◆ Work instructions ◆
Beginning at the line that contains "I staggered down" and finishing at the line that contains "रायगढ/ 28 नवम्बर", output the data below exactly. Include both end lines and no pictures.
Given data Start Marker
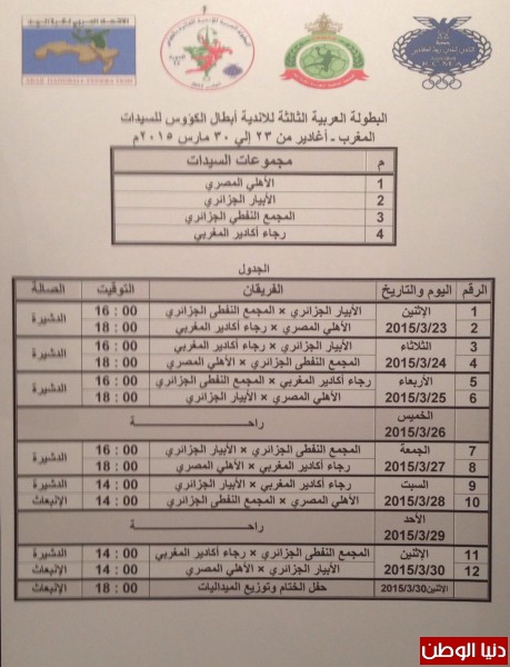 ومن الجدير بالذكر ان بطولة السيدات الثالثة ستنطلق يوم الاثنين القادم بمشاركة اربعة اندية هى الابيار والمجمع النفطى الجزائرى والأهلي المصري بالاضافة الى المستضيف رجاء أغادير المغربي وستقام البطولة بنظام الدوري من دورين.
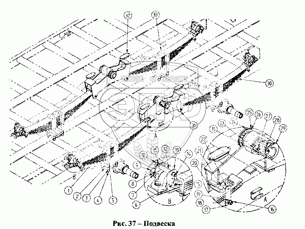 Каталог запасных частей к технике: Ставрапольский завод Автоприцепов СЗАП-93271. Подвеска
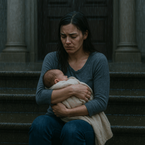 I staggered down the steps, rain soaking my hair, my clothes clinging to my skin. Lily whimpered against me, her tiny body fragile and trembling. I pressed her closer, desperate to shield her from the world that had just rejected us.
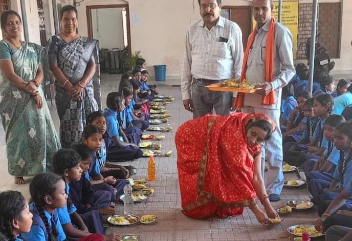 रायगढ/ 28 नवम्बर 2024/ छत्तीसगढ़ शासन स्कूल शिक्षा विभाग द्वारा समस्त शासकीय एवं अनुदान प्राप्त प्राथमिक एवं माध्यमिक शालाओ में प्रधानमंत्री पोषण शक्ति निर्माण योजना के अंतर्गत समुदाय के सहभागिता एवं भागीदारी को प्रोत्साहित करने के लिए न्यौता भोजन प्रारंभ किया गया है। न्यौता भोजन की प्रमुख अवधारणा प्रधानमंत्री पोषण शक्ति निर्माण योजना के तहत जिले के अध्यनरत प्राथमिक एवं माध्यमिक स्कूलों  के छात्र-छात्राओं को अतिरिक्त पोषण आहार में वृद्धि की दृष्टि से न्यौता भोजन आयोजित किया जा रहा है। प्रधानमंत्री पोषण शक्ति योजना के न्यौता भोजन का आशय भोजन दान की प्रकृति को महादान की प्रकृति के रूप में प्रचारित किया जाना है। राज्य शासन के दिशा-निर्देशों का पालन करते हुए विभिन्न सामुदायिक भागीदारी से स्कूलों में विभिन्न अवसरों जैसे त्योहार, विशेष अवसरों जैसे वर्षगांठ, जन्मदिन, विवाह एवं राष्ट्रीय पर्व में भारतीय परंपरा आधारित बड़ी संख्या में लोगों को भोजन समुदाय, शिक्षक के द्वारा कराया जा रहा है।
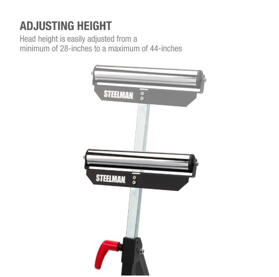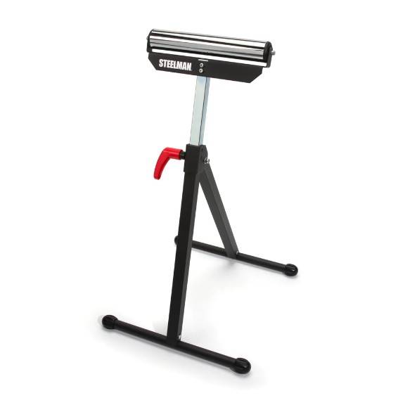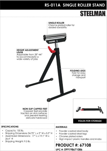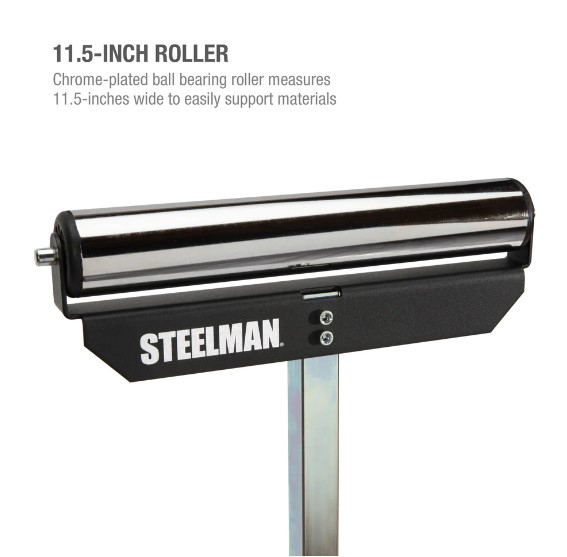 With the STEELMAN RS-011A (67108) 11.5-Inch Wide Adjustable Single Roller Material Support Stand, you’ll always be a smooth operator on the job. Featuring a 150 lb. capacity, this sturdy powder-coated steel single roller stand features a chrome ball-bearing roller that allows material to glide over smoothly. It’s ideal when guidance and control are needed to support and keep long materials, such as wood or pipes, steady and level. It also provides an added level of safety as it supports materials for saws and prevents cut material falling and possibly swinging or bouncing back into the path of spinning blades. The height is fully adjustable thanks to an easy-lock lever with a minimum height of 28-inches and a maximum of 44-inches, and can be quickly folded up flat for compact storage and transport.
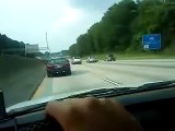 The incident took place in Indiana, and the video was filmed by MzDeanna Smith driving nearby. It shows the tire bouncing off the truck in front and rolling down the highway. Almost immediately after that, the Toyota runs into it.
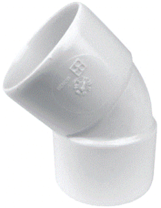 WAV PVC L-BOCHT 45° WT 40 M/M - WAV fitt m/2 aansl 1-del Wadal, le 1mm, bocht
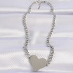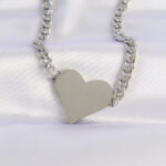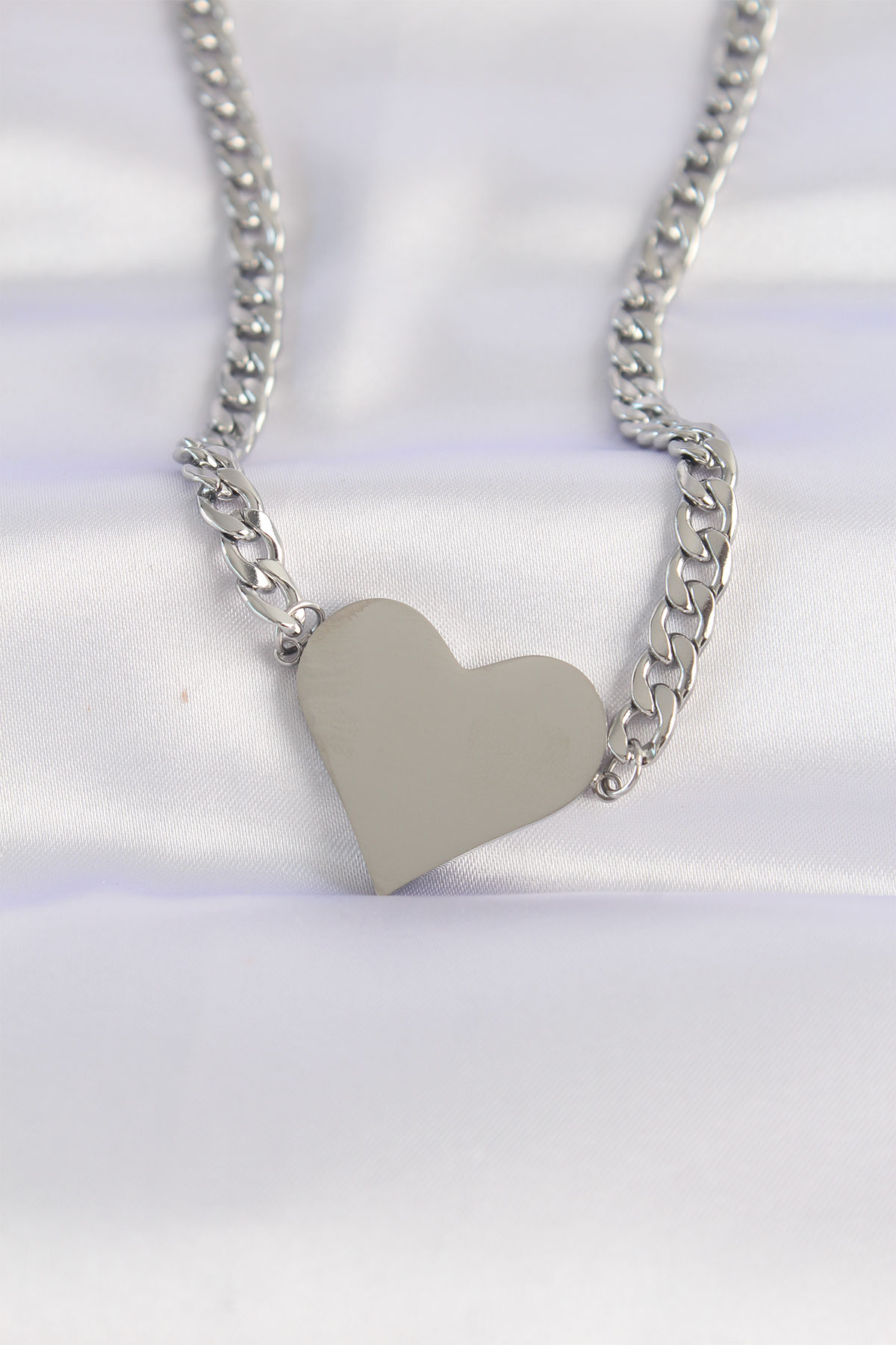 316L Çelik Zincir Gümüş Renk Düz Plaka Kalp Kolye
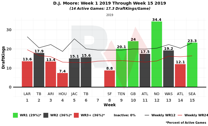 - We’re suddenly in an awkward position with D.J. Moore. As the seventh-most expensive WR on DraftKings this week ($6,900), he’s finally being priced properly. However, his once-safe floor is now something of an unknown with Grier under center. While I don’t like him in cash games this week, he still has plenty of upside for GPPs.
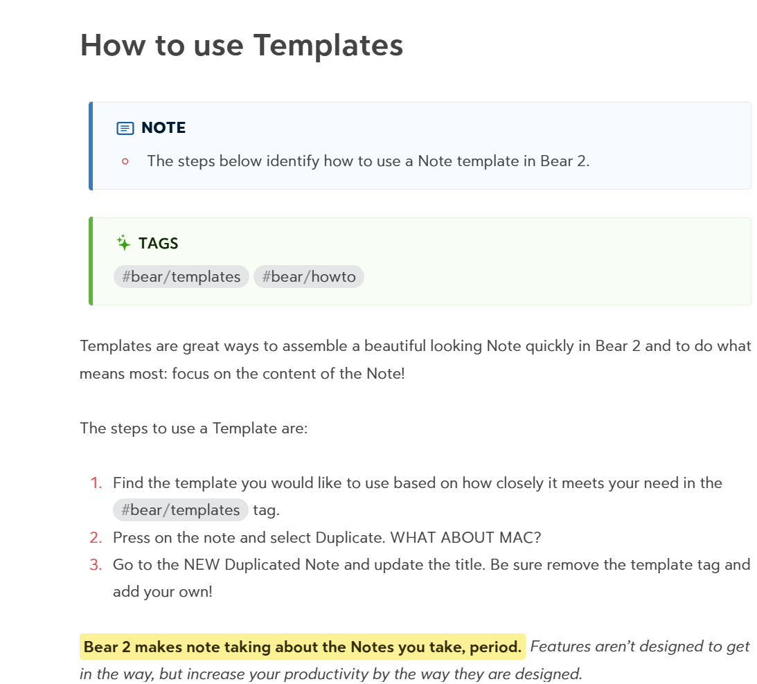 Bear Note Organization Templates
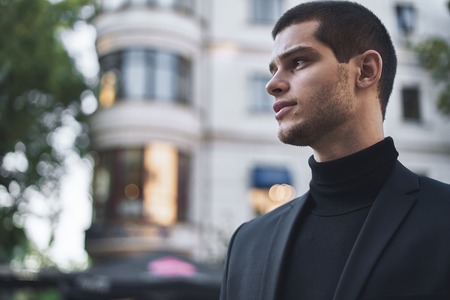 Portrait of a handsome man in a business suit in the city
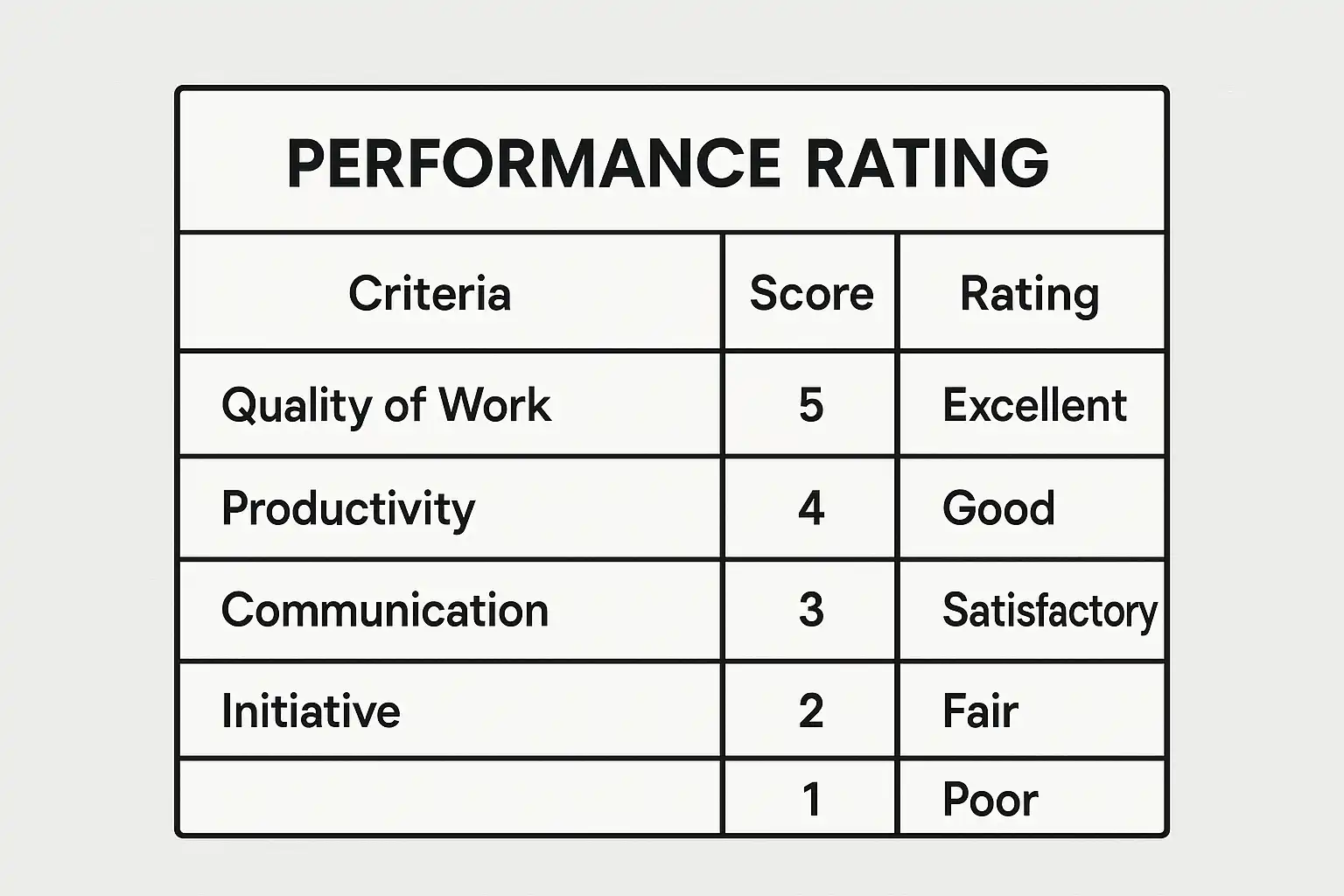 - 采用五级评分法(如:优秀、良好、合格、待改进、不合格)
Given data End Marker
◆ Answer space ◆
 I staggered down the steps, rain soaking my hair, my clothes clinging to my skin. Lily whimpered against me, her tiny body fragile and trembling. I pressed her closer, desperate to shield her from the world that had just rejected us.
 रायगढ/ 28 नवम्बर 2024/ छत्तीसगढ़ शासन स्कूल शिक्षा विभाग द्वारा समस्त शासकीय एवं अनुदान प्राप्त प्राथमिक एवं माध्यमिक शालाओ में प्रधानमंत्री पोषण शक्ति निर्माण योजना के अंतर्गत समुदाय के सहभागिता एवं भागीदारी को प्रोत्साहित करने के लिए न्यौता भोजन प्रारंभ किया गया है। न्यौता भोजन की प्रमुख अवधारणा प्रधानमंत्री पोषण शक्ति निर्माण योजना के तहत जिले के अध्यनरत प्राथमिक एवं माध्यमिक स्कूलों  के छात्र-छात्राओं को अतिरिक्त पोषण आहार में वृद्धि की दृष्टि से न्यौता भोजन आयोजित किया जा रहा है। प्रधानमंत्री पोषण शक्ति योजना के न्यौता भोजन का आशय भोजन दान की प्रकृति को महादान की प्रकृति के रूप में प्रचारित किया जाना है। राज्य शासन के दिशा-निर्देशों का पालन करते हुए विभिन्न सामुदायिक भागीदारी से स्कूलों में विभिन्न अवसरों जैसे त्योहार, विशेष अवसरों जैसे वर्षगांठ, जन्मदिन, विवाह एवं राष्ट्रीय पर्व में भारतीय परंपरा आधारित बड़ी संख्या में लोगों को भोजन समुदाय, शिक्षक के द्वारा कराया जा रहा है।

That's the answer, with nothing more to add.